Events

Hanging of the Green

Have you ever wondered why we talk about the “hanging of the green?” Or why an evergreen is called an evergreen? And why Christmas greens are traditionally used to emphasize the nativity? 

Green represents renewal, new life, freshness, and rebirth. Plants such as pine, fir, holly, ivy, and mistletoe are called evergreens because they do not die; through the seasons of the year, they remain ever-green; Ever-alive. It is no wonder then that we deck our sanctuary and halls with evergreens during this Advent season. Advent is the season of preparation for the ever-coming Christ, God’s gift to us of renewal and transformation.

Because the needles of the pine and fir trees appear not to die each season, the ancients saw them as signs of things that last forever. Isaiah tells us that there will be no end to the reign of the Messiah.

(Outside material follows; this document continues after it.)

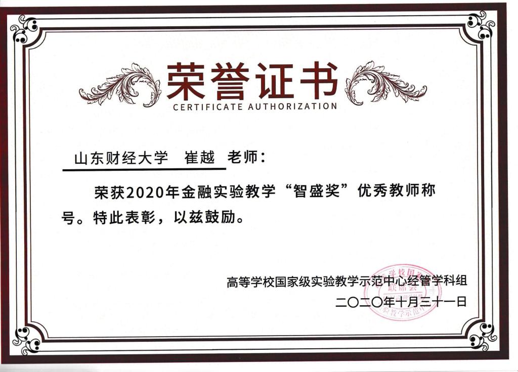 2020年10月31日-11月1日,由教育部高校国家级实验教学示范中心联席会经管学科组主办、浙江嘉兴学院承办的“第二十一届全国高校经管类专业实验室建设暨经济管理实验教学示范中心建设研讨会”在嘉兴举行。经学校推荐,学科组专家评选,黄金娱乐城 崔越副教授荣获“智盛奖”优秀实验教师称号。

Therefore, we hang these wreaths of evergreens shaped in a circle, which has no end, to signify that the kingdom of God, to which Christ so eloquently testified, is also without end, and is realized wherever truth, justice, and peace prevail.

Today, the Christmas tree is the center of our festivities. Glittering with lights and ornaments, it is a part of the beauty and meaning of Christmas. There are several legends and stories about the Christmas tree.

The first use of the Christmas tree was in the medieval German Paradise Plays held outdoors and portraying the creation of humankind. 

The tree of Life was a fir tree decorated with apples. Later other ornaments were hung upon them, such as paper flowers and gilded nuts. In England branches or whole trees were forced into bloom indoors for Christmas. From these beginnings the use of a tree at Christmas was established. Martin Luther was perhaps the first to use a lighted tree.

The story is told that on one Christmas Eve, Martin Luther wandered outdoors and became enraptured with the beauty of the starry sky. Its brilliance and loveliness led him to reflect on the glory of the first Christmas Eve as seen in Bethlehem’s radiant skies. 

Wishing to share with his wife and children the enchantment he had felt, he cut from the forest an evergreen, glistening with snow, and took it home. He placed upon it candles to represent the glorious heavens he had seen. The use of a candle-lighted tree spread to all Europe, then America came to regard it as the central ornament of Christmas.

During this season of Advent, whenever you see a lighted Christmas tree, let it call to mind the One who brings light to our darkness, healing to our brokenness, and peace to all who receive him.